Alur Pemeriksaan Rapid Test Antigen

Jika negatif

  • OTG/ODP/PDP jika rapid test negatif diarahkan untuk melakukan isolasi diri.
  • Jika selama isolasi gejala memberat, segera ke Fasyankes Jika selama isolasi tidak muncul gejala infeksi saluran pernapasan akut (ISPA) dalam 10 hari, lakukan rapid test antibodi (10 hari kemudian). Jika hasilnya negatif, sakit bukan Covid-19. Sedangkan jika hasilnya positif, harus real time PCR/TCM SARS-CoV-2 Swab/Sputum 2 kali (2 hari berturut-turut)
  • Jika selama isolasi, gejala ISPA muncul dalam kurang dari 10 hari, diarahkan untuk rapid tes antigen ulang.
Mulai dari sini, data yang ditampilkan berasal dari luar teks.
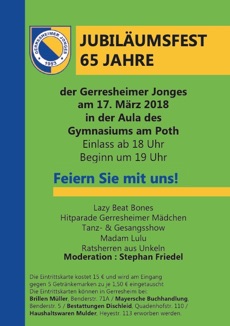 Am Samstagabend haben die Gerresheimer Jonges in der Aula des Gymnasiums am Poth ihr 65-jähriges Bestehen gefeiert.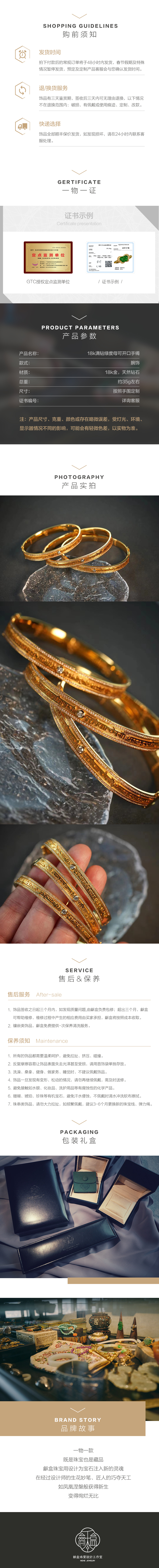 龢盒原创 18k金镶钻绿度母心咒护佑手镯
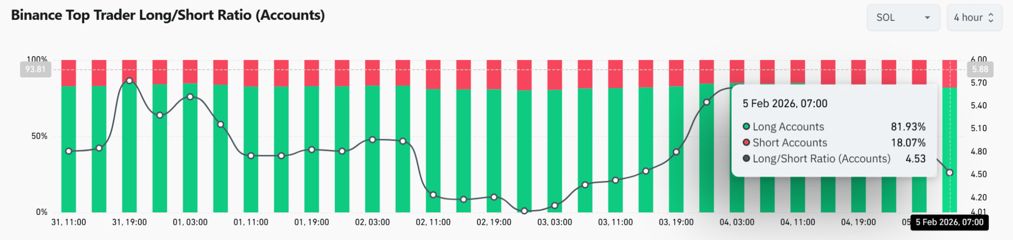 🔶Điều đáng lo ngại là cá voi này đang đi ngược lại hoàn toàn với đám đông. Dữ liệu cho thấy 82% tài khoản top trader trên Binance vẫn đang gồng Long, đẩy tỷ lệ Long/Short lên mức báo động 4.5. Khi đám đông say máu bắt đáy trong xu hướng giảm, rủi ro xảy ra một cú Long Squeeze là cực cao.

Jika hasilnya negatif, diarahkan untuk rapid test antibodi 10 hari kemudian. Sedangkan jika positif, harus tes real time PCR/TCM SARS-CoV-2 Swab/Sputum 2 kali (2 hari berturut-turut).
  • Jika hasil tes itu negatif, sakit yang dialami berarti bukan Covid-19. Sedangkan jika positif, berarti terkonfirmasi Covid-19
  • Pasien positif Covid-19 yang tanpa gejala, dan ringan bisa melaukan isolasi diri di rumah, sedangkan pasien yang memiliki gejala sedang akan diarahkan dirujuk ke RS darurat, dan pasien yang memiliki gejala berat mesti dirujuk ke RS rujukan

Jika positif

  • OTG/ODP/PDP jika rapid┬átest positif akan langsung diarahkan untuk tes real time PCR/TCM SARS-CoV-2 Swab/Sputum 2 kali (2 hari berturut-turut)
  • Jika hasil tes itu negatif, sakit bukan Covid-19. Sedangkan jika positif, berarti terkonfirmasi Covid-19
  • Pasien positif Covid-19 yang tanpa gejala, dan ringan bisa melaukan isolasi diri di rumah, sedangkan pasien yang memiliki gejala sedang akan diarahkan dirujuk ke RS darurat, dan pasien yang memiliki gejala berat mesti dirujuk ke RS rujukan

Dengan memerintahkan masyarakat agar lebih disiplin diam di rumah dan mengurangi kegiatan bepergian, diharapkan pandemi COVID-19 dapat segera berakhir. Meski pandemi COVID-19 belum berakhir, risiko atas penyakit-penyakit lain pun masih tetap ada. Selain mengikuti imbauan pemerintah terkait COVID-19, Anda juga perlu melakukan langkah-langkah lain untuk melindungi kesehatan diri maupun keluarga.